As to FD diagnosis, other studies that associate types of FD to the levels of iron in children are scarce, which impair comparisons. Nevertheless, this lack of association may be due to the specific repertoire of foods consumed by children and not the type of FD itself, since foods rejected may not necessarily be the ones that are sources of iron. However, this variable was not available at the moment of data collection and could not be analyzed. As well as the type of FD, the repertoire (quantity) of foods consumed by the children probably does not predict iron depletion or anemia either, according to the present results. Studies that evaluate impact of picky eating on daily intake of iron have not been found. Therefore, it is possible that the restriction found (average of 21 foods) is sufficient for the adequate supply of macro- and micronutrients for these children. As the correlation between this variable and the Hb and ferritin in the extreme quartiles of the sample were average (r = 0.50), it is suggested that the test is replicated in studies with a wider sample and the inclusion of other dietary variables (such as food types and groups) to provide a deeper investigation. Nevertheless, the total repertoire of ingested food by the child does not seem suggestive of the risk of anemia.

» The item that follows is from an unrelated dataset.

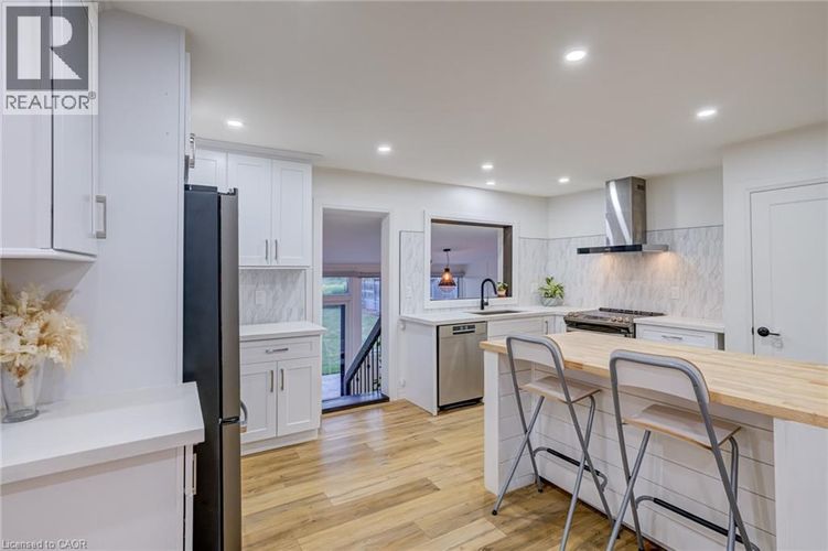 Discover this fully renovated 5-bedroom, 3-bathroom home with 2-car garage, set on a private .34-acre lot just outside of town. A new flagstone walkway with natural stone steps leads you to the inviting front entrance. Step inside to find a modern layout with versatile living spaces, including a workout room, spacious dining room, and bright bedrooms. The newly landscaped backyard features a stunning interlock patio and full fencing, perfect for entertaining, pets, or family play. Unwind while watching breathtaking sunsets over the back field from the dining room, or greet the day with sunrise views from the front porch. Offering unmatched privacy yet steps to the Chippewa Rail Trail, this home blends the convenience of location with the peace of country living. A rare opportunity to enjoy both modern updates and serene surroundings. (id:26452)

The study has limitations, such as the restricted sample size (insufficient to prove hypothesis) and the absence of a control group and the limited frequency of anemia and iron depletion found, which hampers comparisons, besides the variable of the dietary consumption of sources of iron in the analysis, or the variable “consumed food repertoire” stratified into food groups. The fact that the sample consists of patients from high socioeconomic level is also considered a limitation. Results, therefore, cannot be extrapolated to the overall population. However, the fact that it is a study done exclusively with children showing complaints of feeding difficulties is considered a strong trait, which adds to the discussion that the inadequate food intake is not always followed by biochemical alterations, and contributes to the scenario of scarce scientific published evidences internationally.

Conclusions

There is no evidence that the type of feeding difficulty diagnosis or the repertoire of foods children consumed are associated with anemia or iron depletion in the sample, even when controlled for the extreme quartiles of the sample or for age, birth weight, duration of exclusive breastfeeding, and iron supplementation. The low prevalence of anemia found was similar to data from developed countries and could be related to the higher social and economic level of the studied population, as well as to the intake of fortified dairy products characteristic of the sample. These results could be a soothing factor for caregivers during the child’s clinical follow-up for FD. A reproduction of this study is suggested with representative samples, with the inclusion of variables of dietary consumption of iron, for the confirmation of these hypotheses.